Web Scraping with VBA/Excel: No-Code Data Pull
Excel is the most accessible web scraping tool available. You do not need Python, Node.js, or any programming framework. Excel’s built-in Power Query handles many data import tasks with zero code, and VBA (Visual Basic for Applications) provides full scraping capabilities for more complex needs.
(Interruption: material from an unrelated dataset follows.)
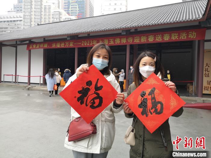 “馬上就到春節(jié)了,我和姐妹一起來寺里許個(gè)新年愿望,正好看到這場送福活動,我們領(lǐng)到了‘?!指械椒浅P疫\(yùn),準(zhǔn)備回家貼在大門上,祝新的一年紅紅火火、福氣滿滿?!鄙虾J忻窈闻繉χ行戮W(wǎng)記者說。

If your goal is getting web data into a spreadsheet, Excel might be all you need.
This tutorial covers three approaches: Power Query (no code), Web Query (legacy), and VBA macros (full control).
Table of Contents
- When to Use Excel for Scraping
- Method 1: Power Query (No Code)
- Method 2: Web Query (Legacy)
- Method 3: VBA Macros
- VBA HTTP Requests
- VBA HTML Parsing
- Scraping Multiple Pages
- Handling Tables
- Error Handling
- Scheduling Automatic Updates
- Limitations and Alternatives
- FAQ
When to Use Excel for Scraping
Excel scraping is ideal when:
- Your end goal is a spreadsheet (no data pipeline needed)
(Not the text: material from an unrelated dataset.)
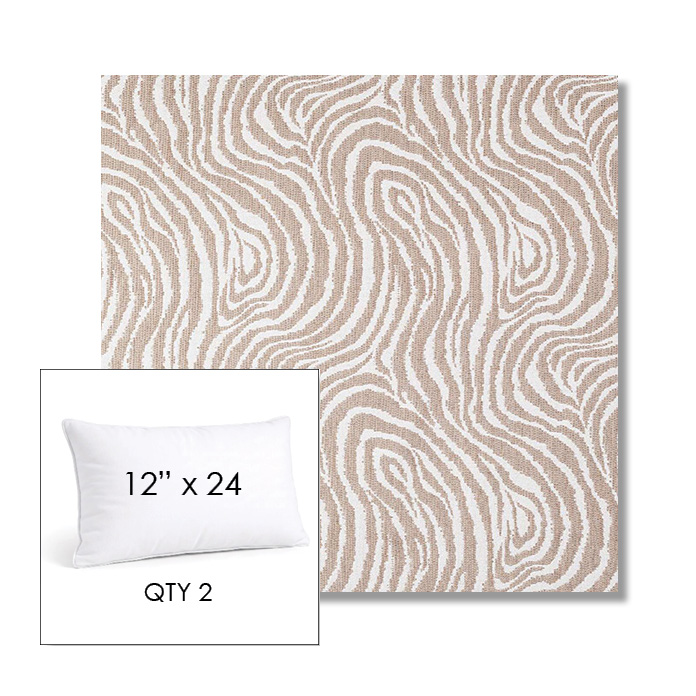 Custom 12" x 24" Lumbar Pillow SET OF TWO, square outdoor pillows available in over 700 Sunbrella® fabrics. Choose piping or knife-edge finish with optional covered button detail. Each pillow includes a zipper opening and premium outdoor insert for comfort, durability, and long-lasting outdoor performance.

- You are scraping HTML tables or structured data
- You need a one-off data pull, not a recurring crawler
- Your team does not have Python/Node.js skills
- You are pulling data from a small number of pages (under 100)
Excel is NOT ideal for JavaScript-rendered pages, large-scale crawling, or sites requiring proxy rotation. For those, see our Python scraping guide.
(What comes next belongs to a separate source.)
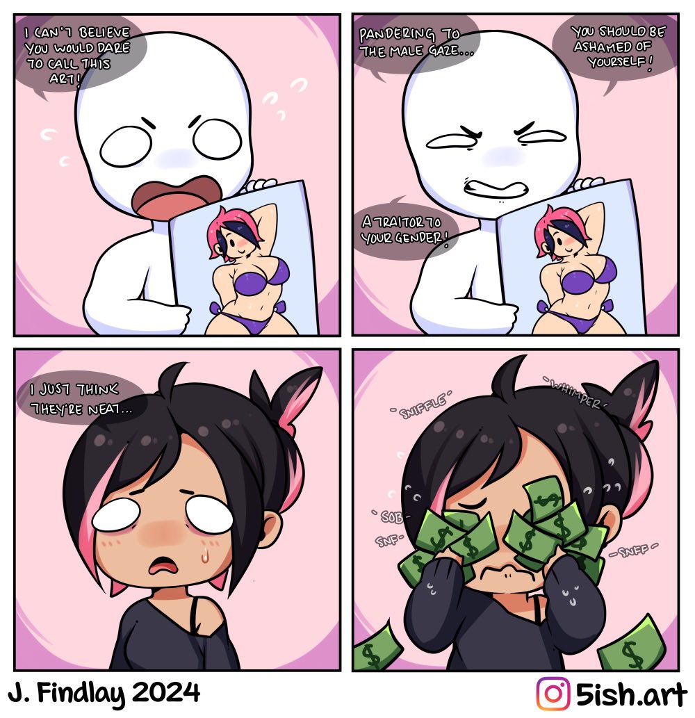 woman fanservice money capitalism sad crying noises comic crevetta bikini commission

Method 1: Power Query (No Code)
Power Query is Excel’s built-in data import tool. It handles most table-based web scraping without any code.
Steps
- Open Excel and go to Data > From Web
- Enter the URL (e.g.,
https://en.wikipedia.org/wiki/List_of_countries_by_GDP_(nominal)) - Excel detects tables on the page automatically
- Select the table you want and click Load
The data imports directly into your spreadsheet.
Power Query M Code (Advanced)
For more control, use Power Query’s M language:
let
Source = Web.Page(
Web.Contents("https://books.toscrape.com/")
),
// Select specific table
Data = Source{0}[Data],
// Rename columns
Renamed = Table.RenameColumns(Data, {
{"Column1", "Title"},
{"Column2", "Price"}
}),
// Filter rows
Filtered = Table.SelectRows(Renamed, each [Price] <> null)
in
FilteredRefreshing Data
Right-click the imported table and select Refresh to pull updated data. You can also set automatic refresh intervals:
- Right-click the query in the Queries & Connections pane
- Select Properties
- Check Refresh every X minutes
Method 2: Web Query (Legacy)
The traditional web query approach still works in older Excel versions:
- Go to Data > From Web (or Data > Get External Data > From Web in older versions)
- Enter the URL
- Click the yellow arrows next to tables you want to import
- Click Import
This method auto-detects HTML tables and imports them directly.
Method 3: VBA Macros
VBA gives you full control over HTTP requests and HTML parsing.
Setting Up VBA
- Press Alt + F11 to open the VBA editor
- Go to Tools > References and enable:
- Microsoft XML, v6.0 (for HTTP requests)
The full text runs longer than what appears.